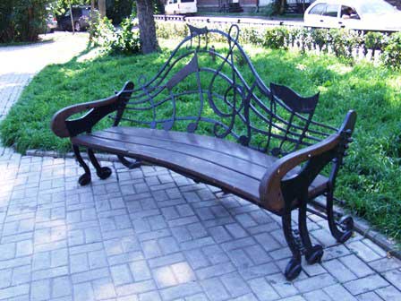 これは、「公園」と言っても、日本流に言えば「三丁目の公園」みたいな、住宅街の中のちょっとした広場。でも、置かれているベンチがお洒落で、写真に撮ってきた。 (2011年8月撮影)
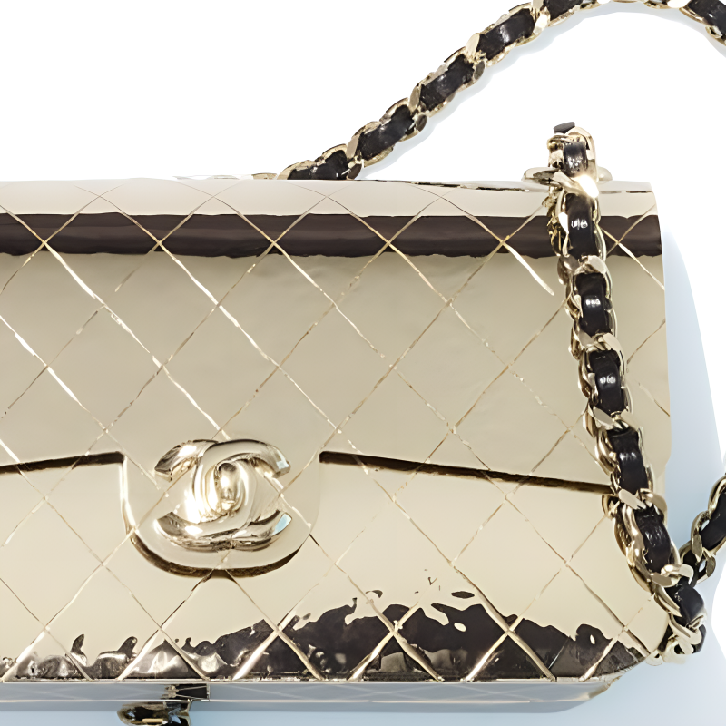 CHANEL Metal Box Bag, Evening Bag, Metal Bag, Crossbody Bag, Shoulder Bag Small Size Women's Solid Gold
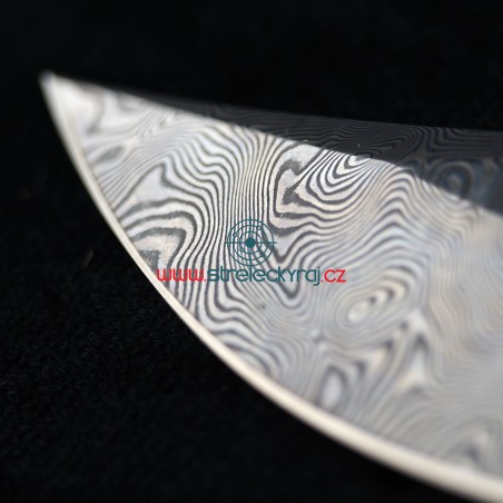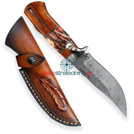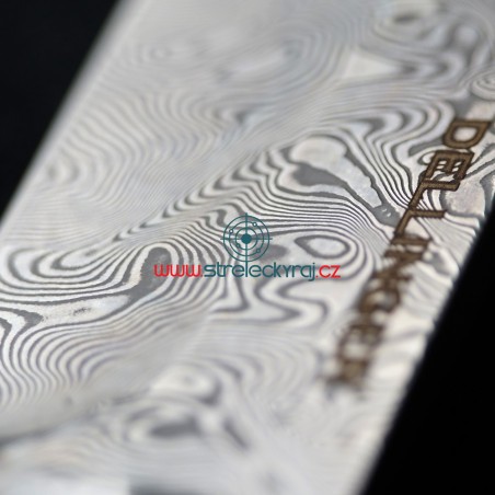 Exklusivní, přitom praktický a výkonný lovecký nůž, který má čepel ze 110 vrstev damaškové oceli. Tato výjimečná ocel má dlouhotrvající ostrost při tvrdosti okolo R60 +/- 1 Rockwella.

• Instructions for the task
Leave every image out when you return the material above word for word.

• Response to this exercise
 これは、「公園」と言っても、日本流に言えば「三丁目の公園」みたいな、住宅街の中のちょっとした広場。でも、置かれているベンチがお洒落で、写真に撮ってきた。 (2011年8月撮影)
 CHANEL Metal Box Bag, Evening Bag, Metal Bag, Crossbody Bag, Shoulder Bag Small Size Women's Solid Gold
 Exklusivní, přitom praktický a výkonný lovecký nůž, který má čepel ze 110 vrstev damaškové oceli. Tato výjimečná ocel má dlouhotrvající ostrost při tvrdosti okolo R60 +/- 1 Rockwella.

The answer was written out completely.